2001–2002: Memoirs Of A Clone and Max Normal 
In 2001, Jones released his debut solo album Memoirs Of A Clone.

At the time, he was the lead vocalist of Max Normal, a hip hop act, which released their debut album entitled Songs From The Mall in 2001, which he disbanded in 2002. Their last gig was played with Faithless on the group's 2002 South Africa tour.

2002–2003: The Constructus Corporation 

When Jones disbanded Max Normal in early 2002, he and musician Sibot invited Markus Wormstorm and Felix Laband to collaborate on The Constructus Corporation project, which resulted in the concept album and graphic novel The Ziggurat, released on 3 June 2002.

Jones asked Anri du Toit, better known as his Die Antwoord bandmate Yolandi Visser to lend vocals for the project. She was credited as Anica the Snuffling.

The Constructus Corporation disbanded in 2003.

2005: The Fantastic Kill 
In 2005, Jones released his second solo album The Fantastic Kill. It was released in France in 2007 as MC Totally Rad And DJ Fuck Are Fucknrad under the name Fucknrad.

2007–2008: MaxNormal.TV 

In 2007, Jones resurrected and revamped Max Normal as the 'corporate' hip-hop group "MaxNormal.TV."

The new lineup consisted of Watkin Tudor Jones revising as Max Normal, and Anri du Toit as Yolandi Visser.
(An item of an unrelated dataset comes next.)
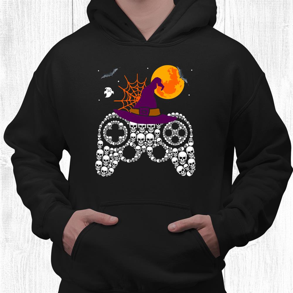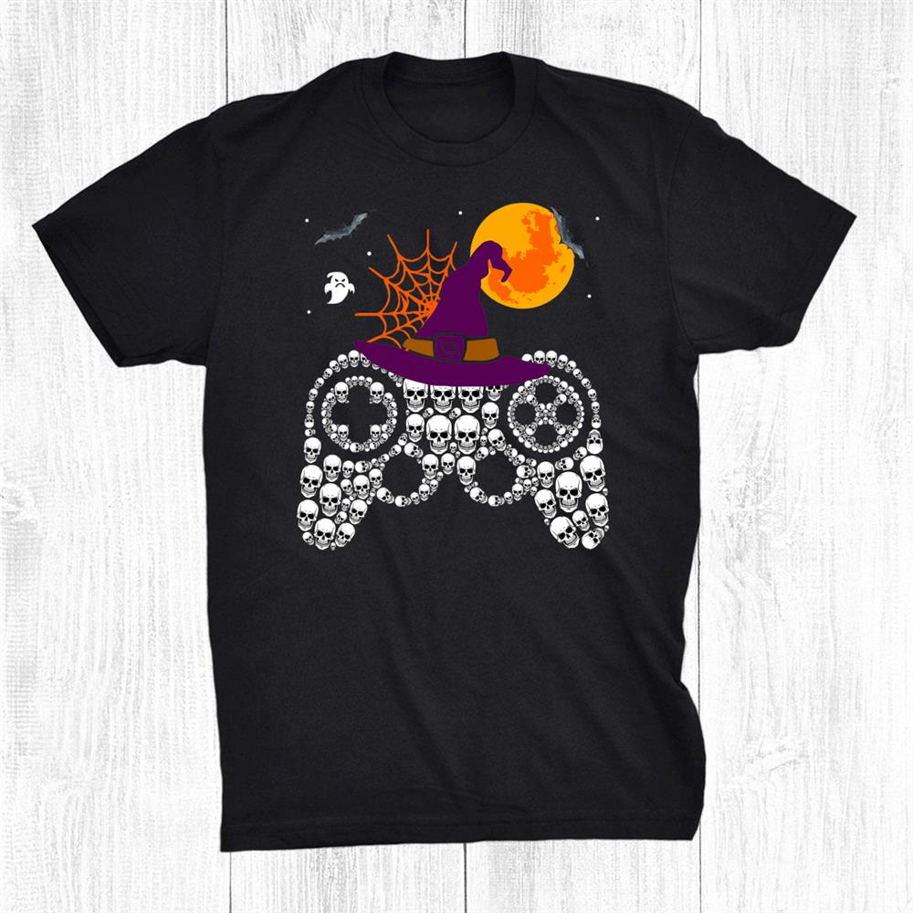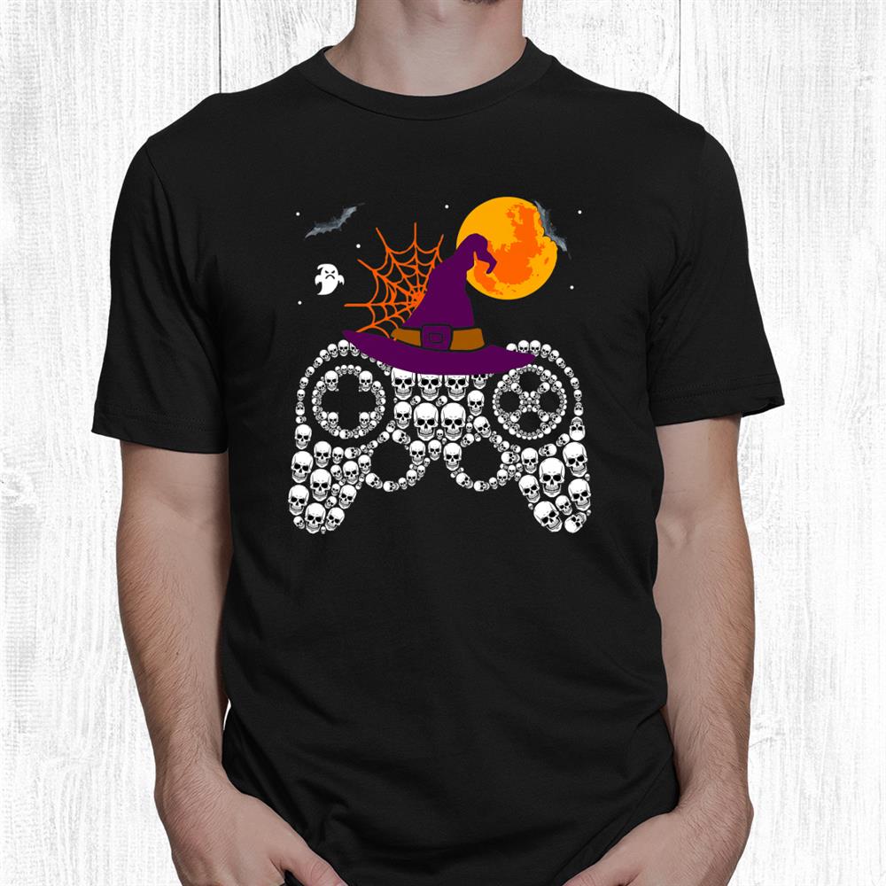 Halloween Skull Funny Gamer Witch Hat Gaming Shirt

The band also featured Neon Don playing various recurring characters and Justin De Nobrega making instrumentals.

The group released its debut and only album Good Morning South Africa in 2008. A DVD featuring 13 skits, music videos and short films was released in the same year, titled Goeie More Zuid Afrika.
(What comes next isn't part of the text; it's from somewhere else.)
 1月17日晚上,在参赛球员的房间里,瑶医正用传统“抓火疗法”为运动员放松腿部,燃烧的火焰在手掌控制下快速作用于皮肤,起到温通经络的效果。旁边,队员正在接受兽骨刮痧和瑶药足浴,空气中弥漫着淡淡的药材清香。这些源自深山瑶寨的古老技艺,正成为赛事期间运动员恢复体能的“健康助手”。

2008–current: Die Antwoord 

Jones is currently a member of the South African rap-rave group Die Antwoord. The group was formed by Jones as Ninja, Anri du Toit as ¥o-Landi Vi$$er, and producer Justin De Nobrega as HITEK5000 (formerly referred to as DJ Hi-Tek and God). They have since added a second producer Lil2Hood. Die Antwoord is part of the South African counterculture movement known as Zef.

The band released its debut album $O$ in 2009. It was made freely available online and attracted international attention for their music video "Enter the Ninja". They briefly signed with Interscope Records, and left after pressure from the label to be more generic. du Toit explained that Interscope "kept pushing us to be more generic" to make more money: "If you try to make songs that other people like, your band will always be shit. You always gotta do what you like. If it connects, it's a miracle, but it happened with Die Antwoord.". They formed their own independent label, Zef Recordz and released their second album Ten$ion through it.

They have since released 3 other albums; Donker Mag in 2014, Mount Ninji and da Nice Time Kid in 2016, and "The House of Zef" in 2020. As well as this, Jones played a self-styled role as Ninja in the 2015 Neill Blomkamp film Chappie.

Controversies
In March 2019, Australian musician Zheani Sparkes released a diss track titled "The Question" detailing an alleged sexual assault on her by Jones in South Africa in 2013. Sparkes claimed that Jones drugged her, as well as human traffick[ed] her to Africa, and sent sexually explicit photos of her to cast members of Chappie. She claims that he also expressed having an active interest in her because of her resemblance to his now teenage daughter, Sixteen Jones, who in 2013 was only eight years old. The music video for the track features Sparkes rapping on a rooftop accompanied by screenshots of texting threads, handwritten notes, and photographs from Jones, which she claims, supports the allegations and connections to Die Antwoord.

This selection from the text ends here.